# is there a way to silence an air pump?



## bryangeles

hey guys is there a way to silence a noisy air pump? like put it on a rag or something? i put it in my tank cabinet and i can still hear it.


----------



## Christine

I always put mine on a wash cloth or something similar to help keep the noise down. You just have to make sure that its not going to go sliding across the surface with it


----------



## Osiris

I have found walmart air pumps to be pretty dang quite for their price.


----------



## fish_doc

Is it a new or old pump? Sometimes if real new they need a little breaking in, and on the otherhand if real old they need a new diaphram. 

Overall, Place it on a cloth of some kind and if you have a cabinet try and get it inside that. Be sure to use a check valve since it will be lower than the tank so if you get a power outage the water does not back wash through the airline all over the floor.


----------



## rcomeau

I put mine in the basement and ran the hoses up through the floor.
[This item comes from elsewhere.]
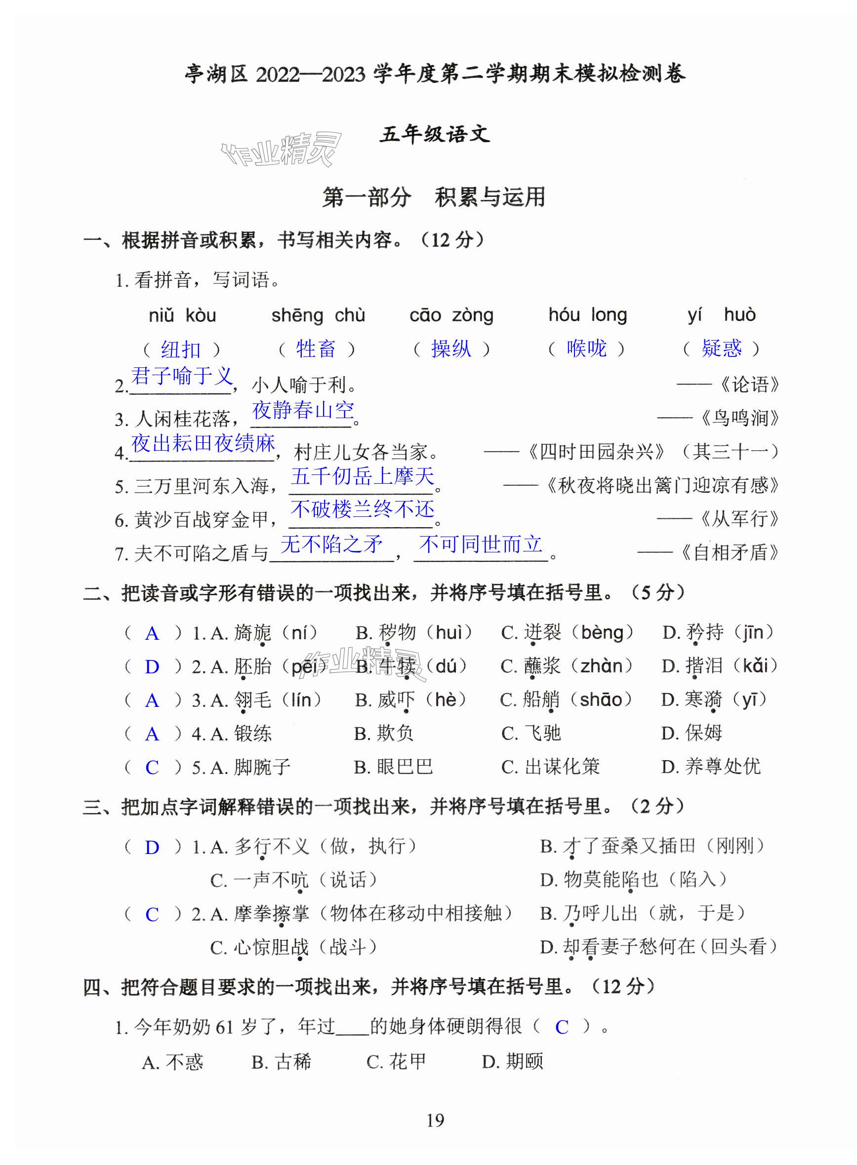 注:目前有些书本章节名称可能整理的还不是很完善,但都是按照顺序排列的,请同学们按照顺序仔细查找。练习册 2024年小学期末试卷汇编北京出版社五年级语文下册人教版 答案主要是用来给同学们做完题方便对答案用的,请勿直接抄袭。

Add a check valve to be sure that the water doesn't flow back down to the pump when it isn't running.


----------



## darkfalz

I put mine on a folded up piece of old towel, on the carpet is also okay, just not a hard surface.


----------



## goodie

I use a sponge that you would use to wash dishes with. Start with the sponge damp and when it dries out the impressions from the "legs" of the pump will hold the pump in place.


----------